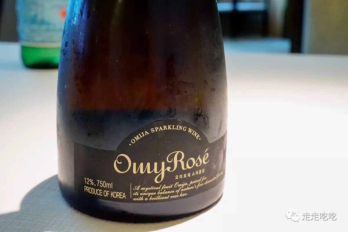 菜品之外,韩国配酒系列还算有趣,第一款五味子(오미자)气泡酒和第三款覆盆子酒都令人留下不错的印象;说十分好喝却没有。以本地酒配本地食材,总归是合情合理的。但末尾甜品酒配的是五味子白兰地,酒精含量达52%,喝得人虎躯一震……
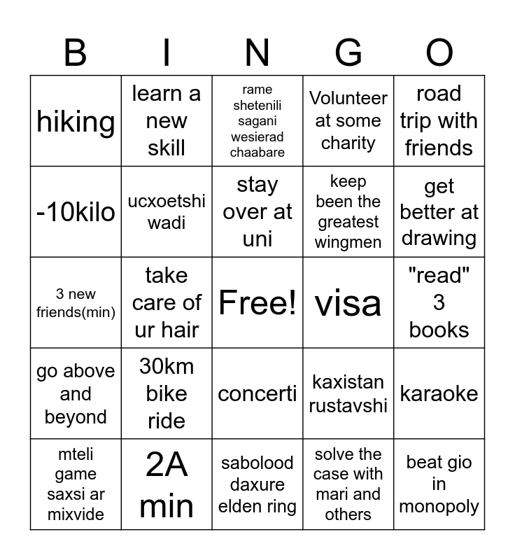 This bingo card has a free space and 24 words: 30km bike ride, 2A min, stay over at uni, mteli game saxsi ar mixvide, road trip with friends, hiking, -10kilo, learn a new skill, visa, concerti, keep been the greatest wingmen, 3 new friends(min), kaxistan rustavshi, karaoke, ucxoetshi wadi, solve the case with mari and others, "read" 3 books, rame shetenili sagani wesierad chaabare, get better at drawing, take care of ur hair, beat gio in monopoly, go above and beyond, Volunteer at some charity and sabolood daxure elden ring.
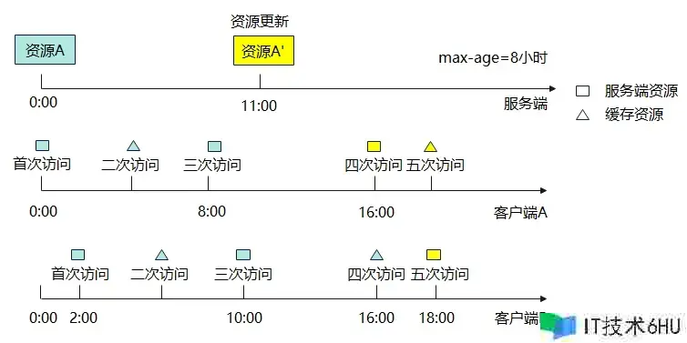 | 三次拜访 | 间隔前次从服务端下载资源超过了max-age时刻,从服务端下载资源,资源新鲜度时刻从头从8:00开端核算。 | 同客户端A,区别是资源新鲜度时刻从头从10:00开端核算。 |
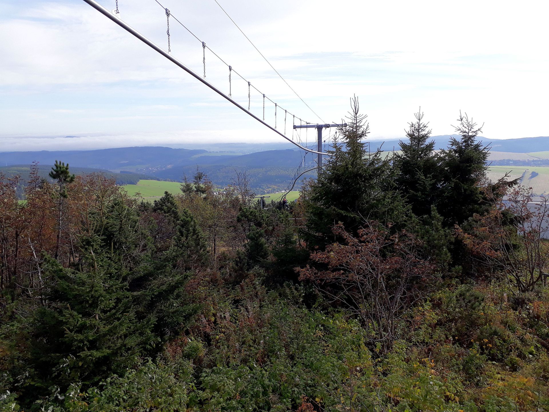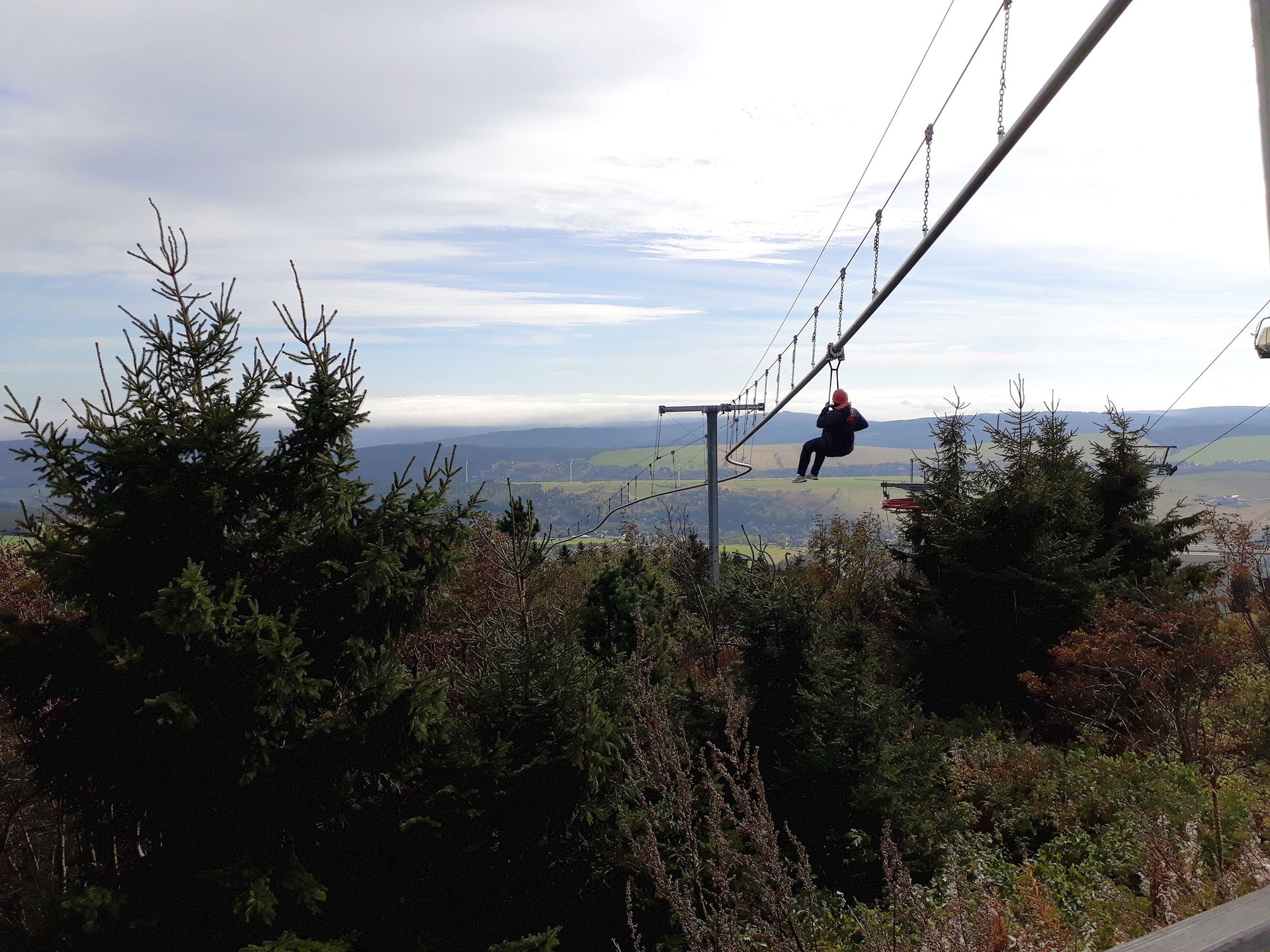 Wegen der guten Aussicht allein waren wir aber natürlich nicht hier. Denn vor wenigen Jahren hatte einer der (ehemaligen) Geschäftsführer der LGO im Urlaub eine Idee, wie man den Sessellift auch im Sommer besser auslasten könnte. Im Urwald von Costa Rica hatte er nämlich eine Zip-Line genutzt und wollte eine solche auch in Oberwiesenthal installieren. Das war aufgrund der geologischen Voraussetzungen aber wohl nicht möglich. Stattdessen stieß er auf die Firma Hochkant, welche im deutschsprachigen Raum den Vertrieb des Systems Fly-Line übernimmt. Und dieses ließ sich 2018 tatsächlich auch am Fichtelberg umsetzen - wenn auch zum Ärger des Naturschutzbunds, der bei den Planungen wohl einfach übergangen wurde und erst zufällig von der Anlage mitten im Brutgebiet der vom Aussterben bedrohten Ringdrossel erfuhr... Ohne Rekorde geht in Oberwiesenthal aber offenbar nichts, sodass die hiesige Fly-Line nicht nur die erste Sachsens, sondern obendrein auch noch die längste der Welt sein soll. Auf 1.550 Metern werden knapp 300 Höhenmeter überwunden. Zuvor heißt es aber Ticket einscannen, Gurt anlegen und Helm aufsetzen.
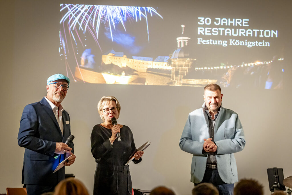 Während der Jubileumsveranstaltung zu 30 Jahre Restauration Festung Königstein übergab unser BI-Sprecher der Ministerin für Kultur und Tourismus für Sachsen, Barabara Klepsch den Flyer unserer Bürgerinitiative zur Rettung der Pehna, mit der Bitte sich wenn möglich der Sache anzunehmen.
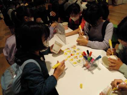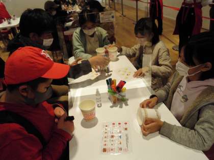 世界に一つだけのオリジナルのカップヌードル作りに挑戦です。パッケージのデザインにも個性が光りますね。
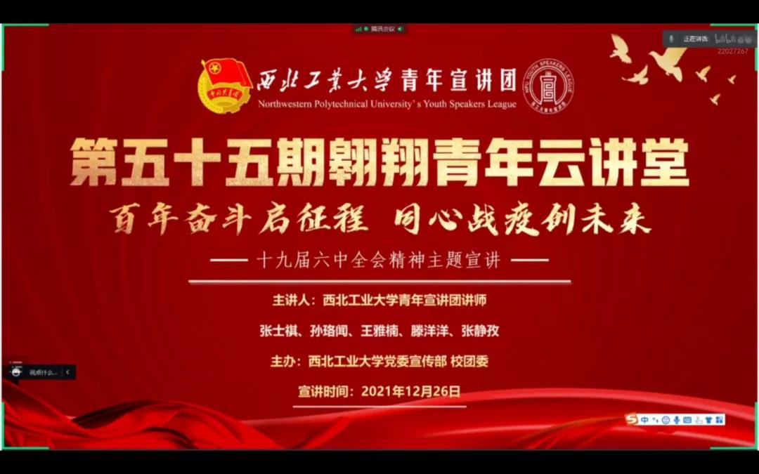 2021年12月26日, 由西北工业大学党委宣传部和校团委举办的“百年奋斗起征程,同心战疫创未来——十九届六中全会精神主题线上宣讲”团日活动顺利进行。本次活动的主讲人为西北工业大学青年宣讲团的五位讲师们。蜜桃传媒

● ● ● ● ●

## About this exercise
Return all of the material precisely as written. No picture belongs in it.

## Answer for the task
 菜品之外,韩国配酒系列还算有趣,第一款五味子(오미자)气泡酒和第三款覆盆子酒都令人留下不错的印象;说十分好喝却没有。以本地酒配本地食材,总归是合情合理的。但末尾甜品酒配的是五味子白兰地,酒精含量达52%,喝得人虎躯一震……
 This bingo card has a free space and 24 words: 30km bike ride, 2A min, stay over at uni, mteli game saxsi ar mixvide, road trip with friends, hiking, -10kilo, learn a new skill, visa, concerti, keep been the greatest wingmen, 3 new friends(min), kaxistan rustavshi, karaoke, ucxoetshi wadi, solve the case with mari and others, "read" 3 books, rame shetenili sagani wesierad chaabare, get better at drawing, take care of ur hair, beat gio in monopoly, go above and beyond, Volunteer at some charity and sabolood daxure elden ring.
 | 三次拜访 | 间隔前次从服务端下载资源超过了max-age时刻,从服务端下载资源,资源新鲜度时刻从头从8:00开端核算。 | 同客户端A,区别是资源新鲜度时刻从头从10:00开端核算。 |
 Wegen der guten Aussicht allein waren wir aber natürlich nicht hier. Denn vor wenigen Jahren hatte einer der (ehemaligen) Geschäftsführer der LGO im Urlaub eine Idee, wie man den Sessellift auch im Sommer besser auslasten könnte. Im Urwald von Costa Rica hatte er nämlich eine Zip-Line genutzt und wollte eine solche auch in Oberwiesenthal installieren. Das war aufgrund der geologischen Voraussetzungen aber wohl nicht möglich. Stattdessen stieß er auf die Firma Hochkant, welche im deutschsprachigen Raum den Vertrieb des Systems Fly-Line übernimmt. Und dieses ließ sich 2018 tatsächlich auch am Fichtelberg umsetzen - wenn auch zum Ärger des Naturschutzbunds, der bei den Planungen wohl einfach übergangen wurde und erst zufällig von der Anlage mitten im Brutgebiet der vom Aussterben bedrohten Ringdrossel erfuhr... Ohne Rekorde geht in Oberwiesenthal aber offenbar nichts, sodass die hiesige Fly-Line nicht nur die erste Sachsens, sondern obendrein auch noch die längste der Welt sein soll. Auf 1.550 Metern werden knapp 300 Höhenmeter überwunden. Zuvor heißt es aber Ticket einscannen, Gurt anlegen und Helm aufsetzen.
 Während der Jubileumsveranstaltung zu 30 Jahre Restauration Festung Königstein übergab unser BI-Sprecher der Ministerin für Kultur und Tourismus für Sachsen, Barabara Klepsch den Flyer unserer Bürgerinitiative zur Rettung der Pehna, mit der Bitte sich wenn möglich der Sache anzunehmen.
 世界に一つだけのオリジナルのカップヌードル作りに挑戦です。パッケージのデザインにも個性が光りますね。
 2021年12月26日, 由西北工业大学党委宣传部和校团委举办的“百年奋斗起征程,同心战疫创未来——十九届六中全会精神主题线上宣讲”团日活动顺利进行。本次活动的主讲人为西北工业大学青年宣讲团的五位讲师们。蜜桃传媒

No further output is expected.